Donor cells were recovered from 11- to 18-wk-old transgenic mice (C57BL/6 genetic background) carrying the pCXN-eGFP transgene [15, 16]. The GFP gene is expressed in every cell type including spermatogenic cells of the mouse, which allows identification of donor cells in the recipient mouse under excitation light in vivo without any pretreatment.

The initial spermatogonial transplantations were performed according to the method reported previously [17]. The donor testis cells were injected into the rete testis of recipient mice. For the second or third sequential transplantation, the donor cells were collected and transplanted as follows: First, under the dissecting microscope with an excitation light for GFP emission, the spermatogenic colonies were dissected out. They were digested with trypsin (0.25%) and EDTA (0.4 mM) for 5–10 min at 37°C. The enzyme reaction was stopped by adding 10% (v/v) fetal bovine serum (FBS) (Filtron, Brooklyn, Australia), followed by addition of 5% (v/v) DNase (10 mg/ml). When undigested tissue debris remained, the cell suspension was filtered through 70-µm-pore nylon membrane (Becton Dickinson Labware, Franklin Lakes, NJ) to eliminate debris. The cells were then centrifuged to make cell pellets and resuspended with 30–40 µl of Dulbecco modified Eagle medium (DMEM) (Gibco BRL Co., Grand Island, NY) containing 10% FBS. The cell concentration was determined using a hemocytometer to be 0.3–20 x 10⁶/ml. Cell survival was greater than 95% as determined by trypan blue exclusion.

Recipient Mouse Preparation

C57BL/6 mice (Clea, Tokyo, Japan) were used as histocompatible recipients. They were treated with busulfan (Sigma Japan, Tokyo), 50 mg/kg i.p., to destroy endogenous spermatogenesis 4–8 wk prior to the transplantation [9]. Sl/Sl^d mice were used as recipients for the experiment of estimation of colonization efficiency. They did not require busulfan treatment because their testes had very few germ cells due to the lack of membrane-bound stem cell factor [18].

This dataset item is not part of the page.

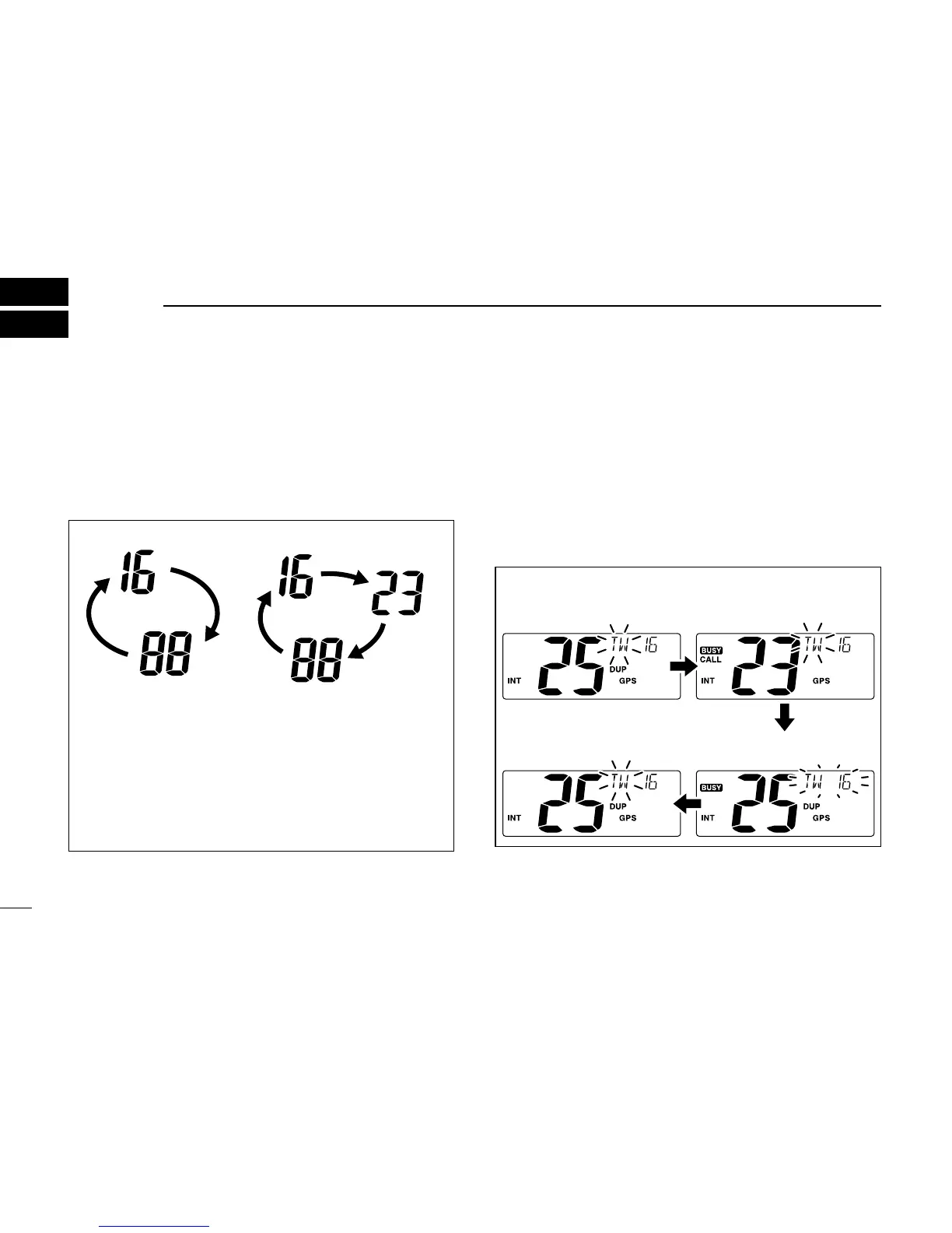 • “DW” blinks during Dualwatch; “TW” blinks during Tri-watch.

All mice were maintained at 24 ± 1°C, 55 ± 1% humidity with a 14L:10D cycle. Food and water were provided ad libitum.

All animal housing and surgical procedures were in accordance with the guidelines of the institutional animal care and use committee of the Animal Research Center, Yokohama City University School of Medicine.

Analysis of Recipient Testes

Between 55 and 373 days after donor cell transplantation, C57BL/6 mice were killed by CO₂ inhalation. The removed testes were observed under a stereomicroscope equipped with an excitation light for Green fluorescence emission (Olympus SZX12; Olympus, Tokyo, Japan) to identify seminiferous tubules containing donor cell-derived spermatogenesis. The number and length of each colony were recorded. Some recipient mice were arbitrarily chosen and testes harboring GFP-positive spermatogenic colonies were used as the donor cell source for subsequent transplantation.

Sl/Sl^d recipient mice were killed beyond 42 days after transplantation for both the subsequent transplantation and for whole-mount observation of colonies using confocal laser microscopy. Dissected seminiferous tubules for confocal microscopy were fixed with 4% paraformaldehyde for 8 h at 4°C. After rinsing with PBS, the samples were preserved at 4°C. For observations, the seminiferous tubules were placed on the glass slides and covered with coverslips. The GFP fluorescence image was obtained with an excitation wavelength of 488 using a laser confocal microscope (Radiance 2000; Bio-Rad, Hercules, CA) fitted to an axioplan epifluorescence microscope (Carl Zeiss, Oberkochen, Germany). Sequential sections of 2 µm, total 11 slices, were recorded for three-dimensional reconstruction of the seminiferous tubules. The number of A_s and A_pr spermatogonia along with the total number of spermatogonia were counted in each constructed image.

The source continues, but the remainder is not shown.